- Promotion: K-1, Hero's
- Date: December 31, 2006
- Venue: Kyocera Dome Osaka
- City: Osaka, Japan
- Attendance: 51,930

Event chronology
| K-1 PREMIUM 2005 Dynamite!! | K-1 PREMIUM 2006 Dynamite!! | K-1 PREMIUM 2007 Dynamite!! |

= K-1 PREMIUM 2006 Dynamite!! =

K-1 martial arts event in 2006

K-1 PREMIUM 2006 Dynamite!! was an annual kickboxing and mixed martial arts event held by K-1 and Hero's on New Year's Eve, Sunday, December 31, 2006, at the Kyocera Dome Osaka in Osaka, Japan.

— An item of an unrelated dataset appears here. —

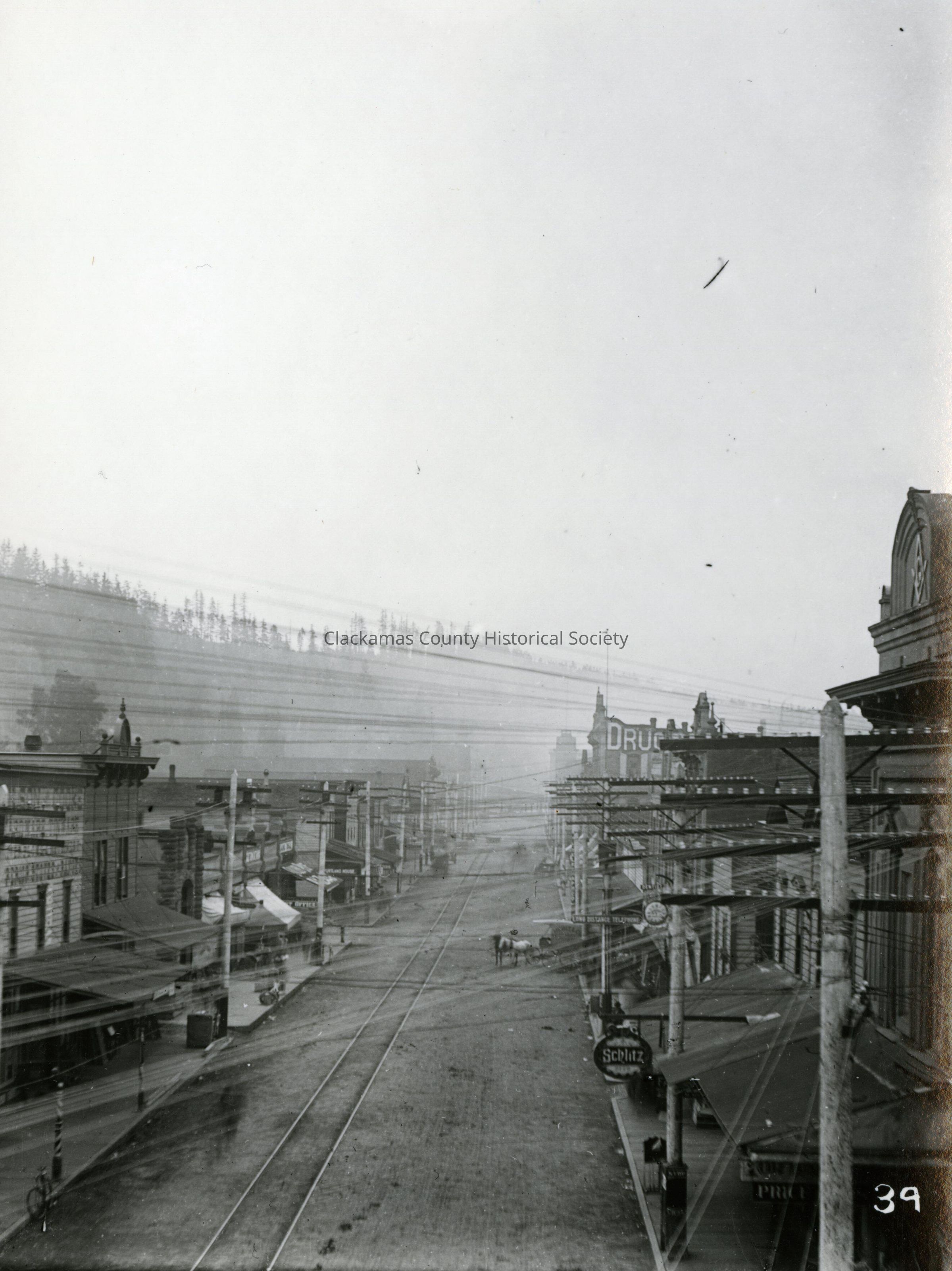 Oregon City Main Street looking south from 6th Street. Glass and film negatives in envelopes with photograph attachedMade/Created

It featured 10 HERO'S MMA rules fights, and 4 K-1 rules fights.

The event attracted a sellout crowd of 51,930 to the Kyocera Dome Osaka, and was broadcast live across Japan on the TBS Network.

The main event between Kazushi Sakuraba and Yoshihiro Akiyama was ruled to be a No Contest after it was determined that Akiyama had applied an illegal substance.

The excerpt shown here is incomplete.